The task
Could you output each line below exactly as it appears, excluding any pictures?

Dataset excerpt
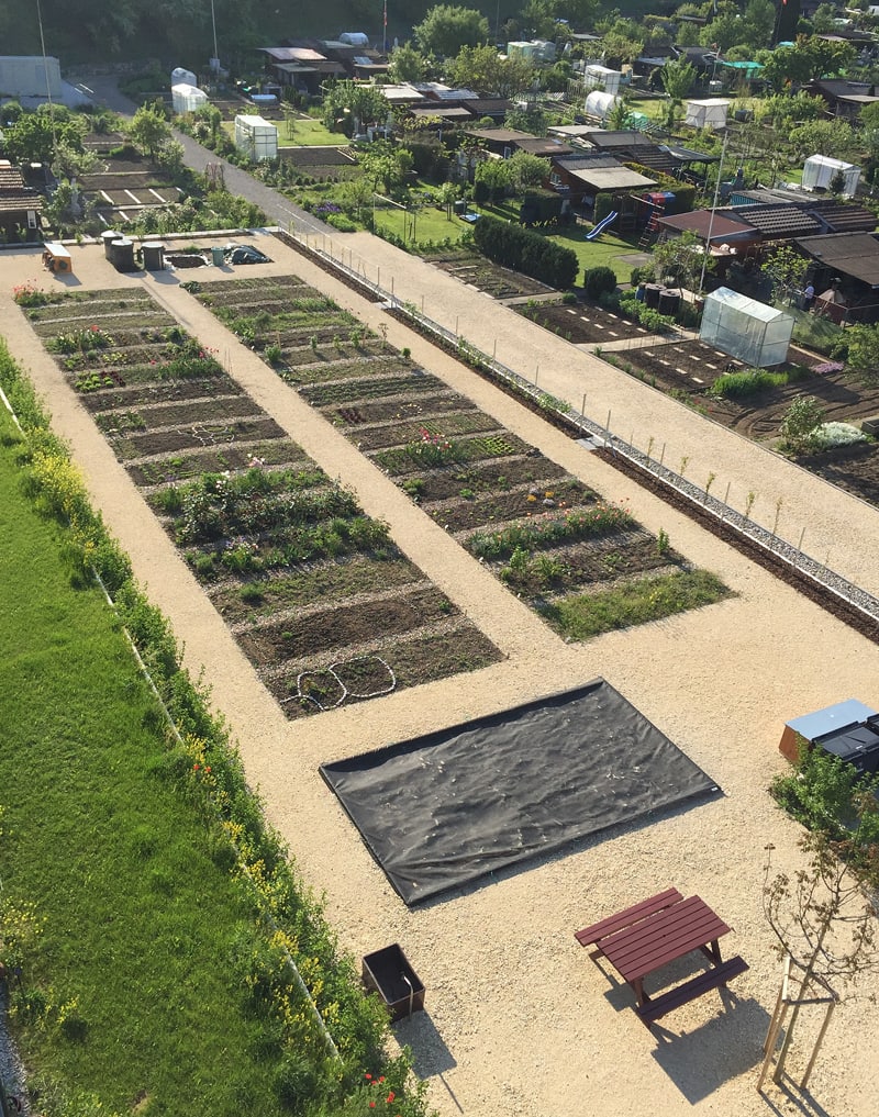 Mit einer optimal wärmegedämmten Gebäudehülle, kontrollierter Wohnungslüftung sowie erneuerbaren Energien bei der Wärmeerzeugung erfüllt das Gebäude den geforderten Minergie-P Standard. Balkongeländer und Pergolakonstruktion nehmen mit ihrer lebendigen Ausgestaltung Bezug zu den Lauben und Zäunen der angrenzenden Familiengärten.
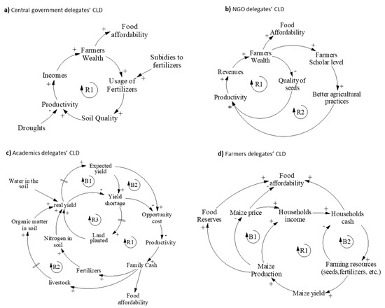 Causal loop diagrams (CLDs) explaining the decrease and fluctuations of maize affordability in Huehuetenango. CLDs were produced by (a) central government delegates; (b) NGO delegates; (c) academics delegates and (d) farmers delegates; during one-to-one semi structured interviews.
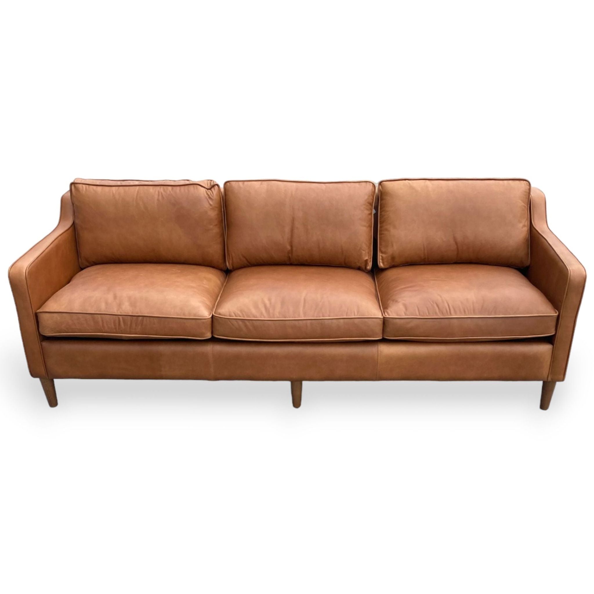 Modern Saddle Color Leather Sofa With Narrow Arms And Wood Feet *** West Elm Hamilton Leather Sofa 91” Fabric: Charme Leather, Cigar Overall: 90""w x 35.8""d x 31.5""h.

Response to the exercise
 Mit einer optimal wärmegedämmten Gebäudehülle, kontrollierter Wohnungslüftung sowie erneuerbaren Energien bei der Wärmeerzeugung erfüllt das Gebäude den geforderten Minergie-P Standard. Balkongeländer und Pergolakonstruktion nehmen mit ihrer lebendigen Ausgestaltung Bezug zu den Lauben und Zäunen der angrenzenden Familiengärten.
 Causal loop diagrams (CLDs) explaining the decrease and fluctuations of maize affordability in Huehuetenango. CLDs were produced by (a) central government delegates; (b) NGO delegates; (c) academics delegates and (d) farmers delegates; during one-to-one semi structured interviews.
 Modern Saddle Color Leather Sofa With Narrow Arms And Wood Feet *** West Elm Hamilton Leather Sofa 91” Fabric: Charme Leather, Cigar Overall: 90""w x 35.8""d x 31.5""h.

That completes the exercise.